**What the task requires**
With pictures left out, output exactly the lines from the line holding "蜘蛛腿, 5μm 脈沖液體射流源, 50" through the end of the data, both included.

**Data to use**

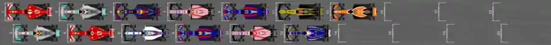 ↑2 - Daniel Ricciardo (Red Bull) perdeu cinco posições no grid por conta de uma troca não programada da caixa de câmbio.[11]
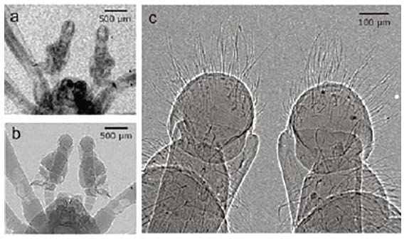 蜘蛛腿, 5μm 脈沖液體射流源, 50 kv, 0.8 mA, 放大倍數:左x1,右x4, 4K*4K 分辨率,9um 像素;
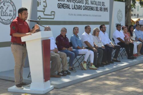 Playa del Carmen.– En un emotivo acto cívico realizado esta mañana en la Plaza 28 de Julio, autoridades municipales rindieron homenaje al expresidente de México, General Lázaro Cárdenas del Río, en el 130 aniversario de su natalicio.
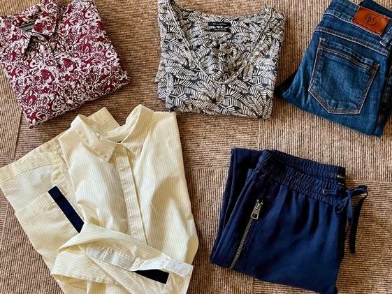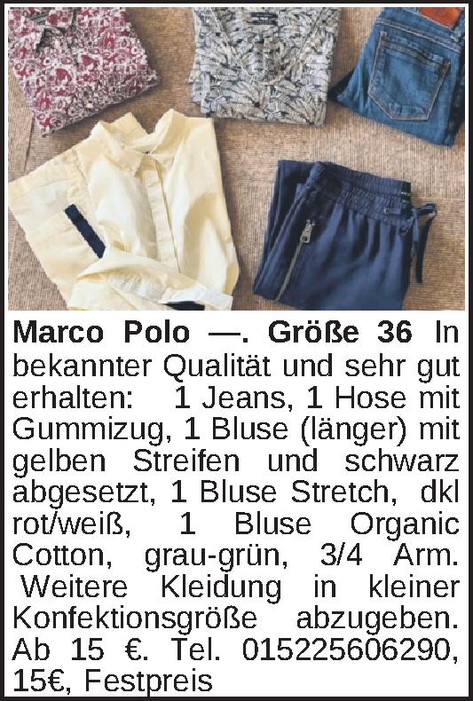 In bekannter Qualität und sehr gut erhalten: 1 Jeans, 1 Hose mit Gummizug, 1 Bluse (länger) mit gelben Streifen und schwarz abgesetzt, 1 Bluse Stretch, dkl rot/weiß, 1 Bluse Organic Cotton, grau-grün, 3/4 Arm. Weitere Kleidung in kleiner KonfeKontakt
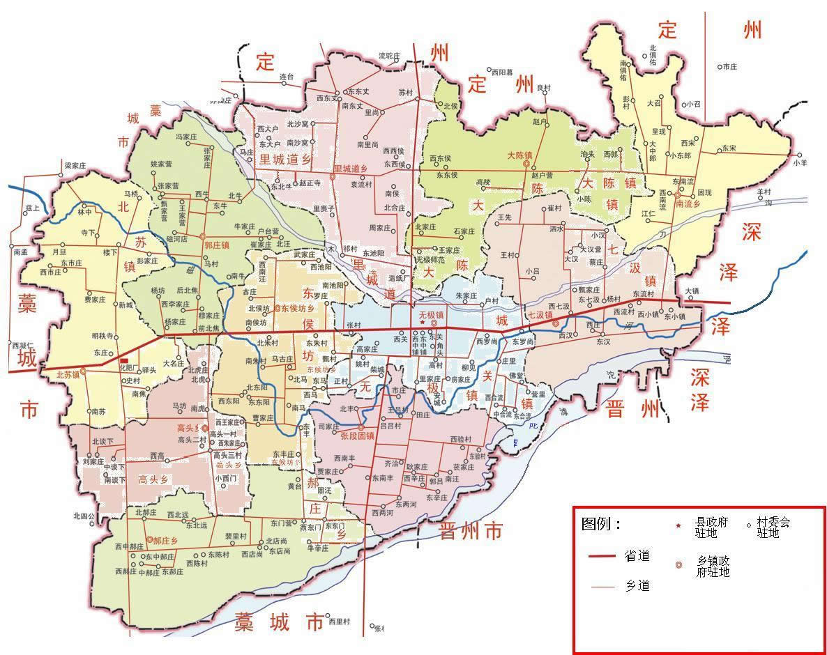 鎮(zhèn):無極鎮(zhèn)、七汲鎮(zhèn)、張段固鎮(zhèn)、北蘇鎮(zhèn)、郭莊鎮(zhèn)、大陳鎮(zhèn)

**Written solution**
 蜘蛛腿, 5μm 脈沖液體射流源, 50 kv, 0.8 mA, 放大倍數:左x1,右x4, 4K*4K 分辨率,9um 像素;
 Playa del Carmen.– En un emotivo acto cívico realizado esta mañana en la Plaza 28 de Julio, autoridades municipales rindieron homenaje al expresidente de México, General Lázaro Cárdenas del Río, en el 130 aniversario de su natalicio.
 In bekannter Qualität und sehr gut erhalten: 1 Jeans, 1 Hose mit Gummizug, 1 Bluse (länger) mit gelben Streifen und schwarz abgesetzt, 1 Bluse Stretch, dkl rot/weiß, 1 Bluse Organic Cotton, grau-grün, 3/4 Arm. Weitere Kleidung in kleiner KonfeKontakt
 鎮(zhèn):無極鎮(zhèn)、七汲鎮(zhèn)、張段固鎮(zhèn)、北蘇鎮(zhèn)、郭莊鎮(zhèn)、大陳鎮(zhèn)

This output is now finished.